Binary system scheme (Stephanie) Colonizer/colonized civilized/savage owner/owned man/woman white/black mind/body good/evil truth/lie clean/dirty (added)
Stephanie shared the thinking on gender and liberation as in thinking in brand new ways from the lens of liberation not just lifestyle, behavior or life. Liberation is about 'queering up' as a collective relations and communities in multiple circles of sex identity, gender rights and power and defining family and social organization. It is about the
sovereignty of the person and the body.

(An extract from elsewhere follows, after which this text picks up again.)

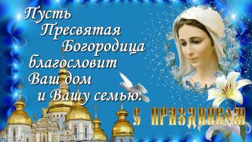 Поздравляю с Благовещением и желаю в этот светлый праздник чистых помыслов, мира в душе, добрых гостей в доме и только радостных новостей. Пусть Пресвятая Богородица помогает в любом деле, оберегает и спасает. Счастья, любви и веры!

As a body social controls and colonialist rules and systems exert constraints, prohibitions, surveillance and ultimately violence and repression.

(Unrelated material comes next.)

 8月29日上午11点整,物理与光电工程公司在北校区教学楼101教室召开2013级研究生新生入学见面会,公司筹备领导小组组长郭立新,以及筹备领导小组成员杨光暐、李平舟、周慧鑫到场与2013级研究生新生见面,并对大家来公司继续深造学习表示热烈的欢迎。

Gender as Social Control of the Body
Gender as Liberatory Process
Physical & Sexual Violence
- disruption of connection / attack on the collective psyche
- used in war by state militaries and militias – EX: Andrew Jackson (1812) mutilated Indian bodies / Contras (1980s) in Nicaragua dragged bodies through public spaces as a warning
- used in families to assert and maintain authority – Indian Boarding schools, child sexual abuse
- Lynchings of Black men were/are justified by the idea of sexual violation of white women

Physical safety and sexual autonomy
Surveillance & discipline
- Registration of populations - medical industry – psycholological
pathologization (women, homosexuals,
gender variance) - AIDS epidemic - punishment, police, prison, torture - Ex: collective spaces, gatherings, religious celebrations were stopped – hygiene was the argument

Freedom of movement, citizenship, collective assembly, and healing practices
Constraints & Regulations of Family Formations
- motherhood as system for reproducing labor forces & institutionalizing colonial norms
- Sterilization projects – indigenous women, queers, disabled, prisoners, black women
- Moynihan manifesto – 1965

Liberated and fluid family formations
Some of the comments shared by the 26 student-participants of the first class of the first semester of the first University of the Social Movement as they were asked to write up what they knew about colonialism or imperialism or what questions they had about either:
What is neo-colonialism? Learning about struggles that have advanced the process of decolonialization. How did both (colonialism and imperialism) affect and shape the United States past
and present? Know how indigenous people were impacted by both Decolonize the mind How to teach about colonialism and imperialism Learn steps to break the chains of consumerism and internalized colonialism We are bend to think a certain way by force and control It is a type of agenda pushed on us on how to think and behave It is the overtaking of the land and the original people It is the subjugation and political domination Essentially it is for the exploitation of people Both are a murderous, soul crushing undertakings They are institutions for expansionism and create resistance

The participants of the class come from the Atlanta area with a couple of people from other regions but doing internships here and is MAJORITY FEMALE with 20 women and 6 men. It has a diverse make up in ages and sexual orientation but most if not all are organizers and practitioners out in the field via their work, organization of self.
University Sin Fronteras and Project South have 5 more classes to go in the
Liberation Summer Semester and the next subject is the colonial case of Puerto Rico the
longest running and oldest colony in the world today. 

The next class is on wednesday July 18th.